Надежда.
Она позвонила сама. Сказала – ошиблась номером. Познакомилась. Договорилась встретиться вечером на остановке, напротив Володиного дома. Мне – только вниз спуститься. Я пошёл – было любопытно.
Я был разочарован: корОста, без фигуры, стара – уже за 20, моя ровесница. Кольцо на пальце. Спросила: не угощу ли чаем? Как только зашли – принялась расстёгивать металлические пуговицы на ширинке моих левисов.
В проходной комнате на раскладном диване она трахала меня до утра. Поздно вечером вернулась с дискотеки Марина, Володя вставал ночью попИсать – я ничего не замечал. Она заласкала меня всего: от глубины ушей до мизинца на ноге. Она поднимала мне член, всего лишь щекоча ухо: губами, языком, горячим дыханием. Её язык забирался в самые глубины моего ануса. Не двигая бёдрами, работая лишь мышцами влагалища, она могла вытолкнуть мой член, а потом как будто всосать его назад, могла так сжать, что невозможно было вынуть. Мой член она чувствовала, как свой, и только я готов был извергнуться – ломала его так, что я кричал от боли, а через минуту – стонал от наслаждения. Она могла бы трахать меня до утра, не дав ни разу кончить, но она позволяла. Шепчу в темноту:
— Твой муж – счастливейший человек!
— Нет. Если я ему так сделаю, он сначала спросит, кто научил? А потом выгонит.
— Давай спать, я уже не могу.
— . .......................
— Да ты у мёртвого поднимешь!
Утром, зайдя в туалет отлить, я не узнал свой хуй. « Так вот ты какое - чудище морское»: длинный, красный, опухший, толщиной со стакан, покарябанный и потёртый. « Да, - подумал я, - такая дура предназначена не для того, чтобы ею пИсать». И точно – писалось с трудом.
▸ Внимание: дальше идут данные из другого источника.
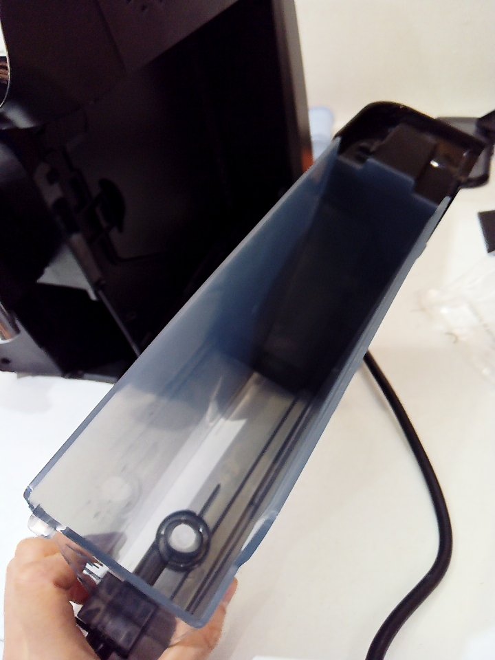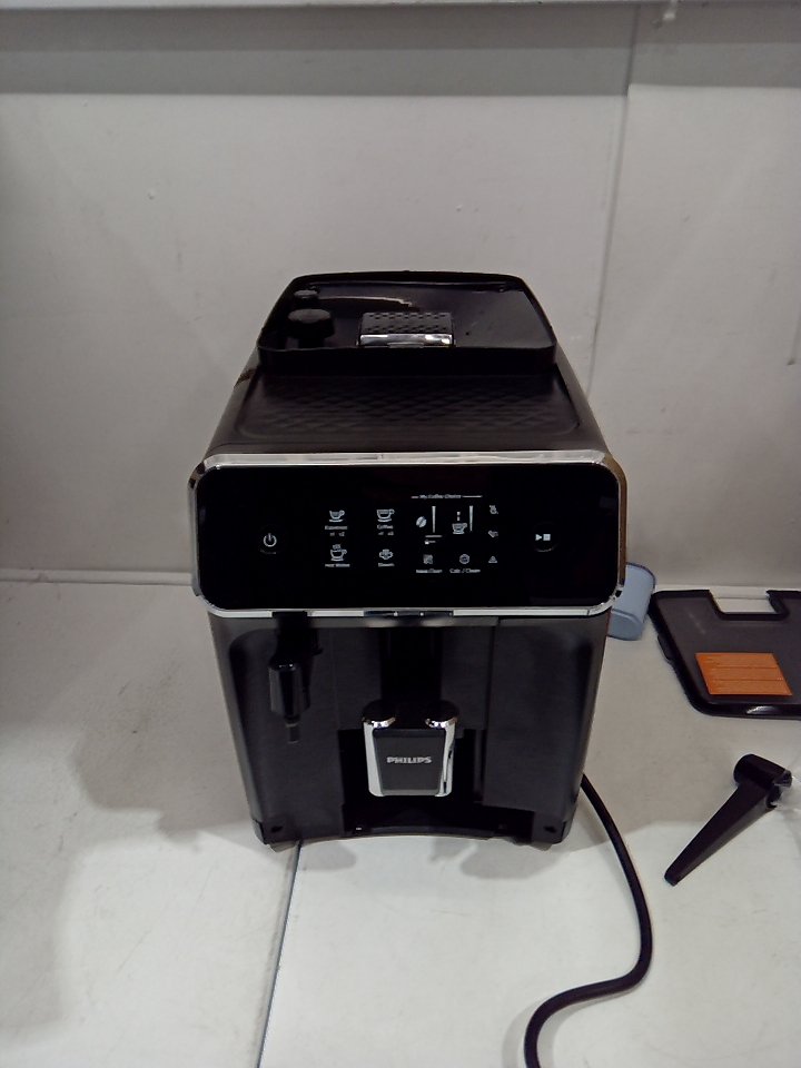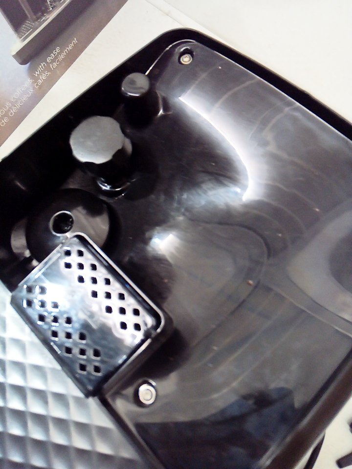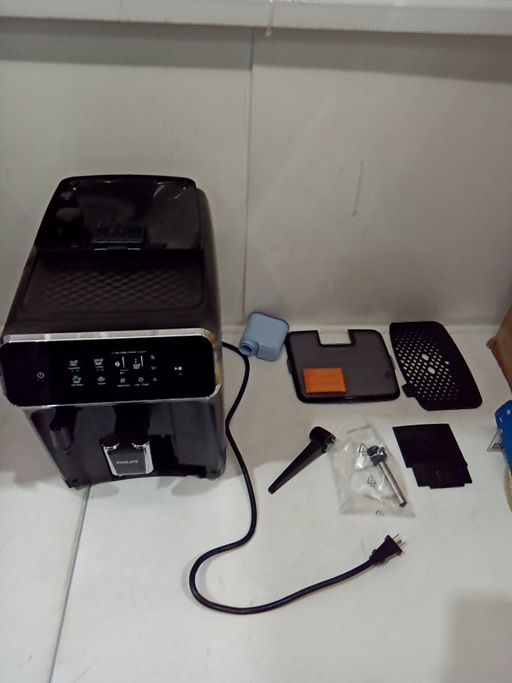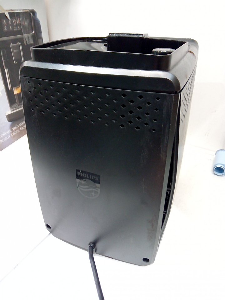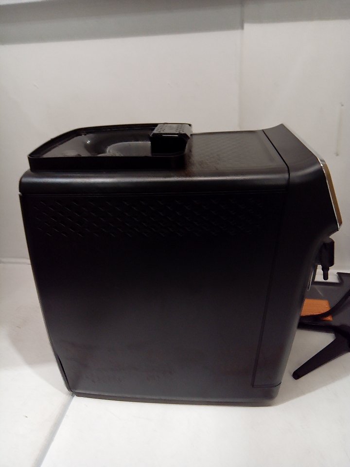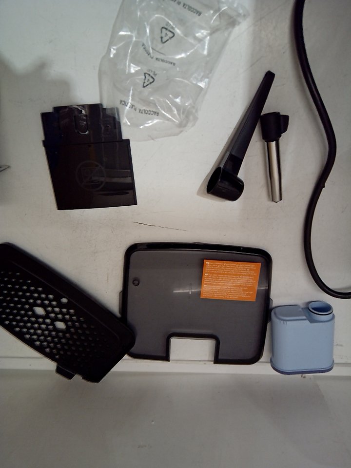 There are scratches and ground coffee residue in/on the machine. The panel on the left side is not sitting flush on the back of the unit, it is slightly warped /there is a gap. Ours is missing the bottom tray piece, small plastic flap piece for the top and the cleaning accessories. Please note that this machine cannot function without the bottom tray inserted. In order to use this machine, you will need to purchase a compatible tray for the bottom separately. Tested for power. (SEE PHOTOS)

Жаль, через некоторое время «дура» вернулась к исходным скромным размерам.
Мы встречались ещё несколько раз. По её просьбе я водил её пару раз в ресторан, но чувствовал себя неловко с ней на людях. Во-первых, она была некрасива, во-вторых – было жалко денег, и, наконец, я не знал, что с ней в ресторане делать. Не на столе же ебать. Мне всегда казалось, что брать бабу в кабак так же глупо, как брать тарелку в постель. Когда её мужа выписали из больницы, звонить она перестала. Расстался я с ней без сожаления. Думал, таких женщин у меня будет вагон и маленькая тележка. Я ошибся – таких больше не было.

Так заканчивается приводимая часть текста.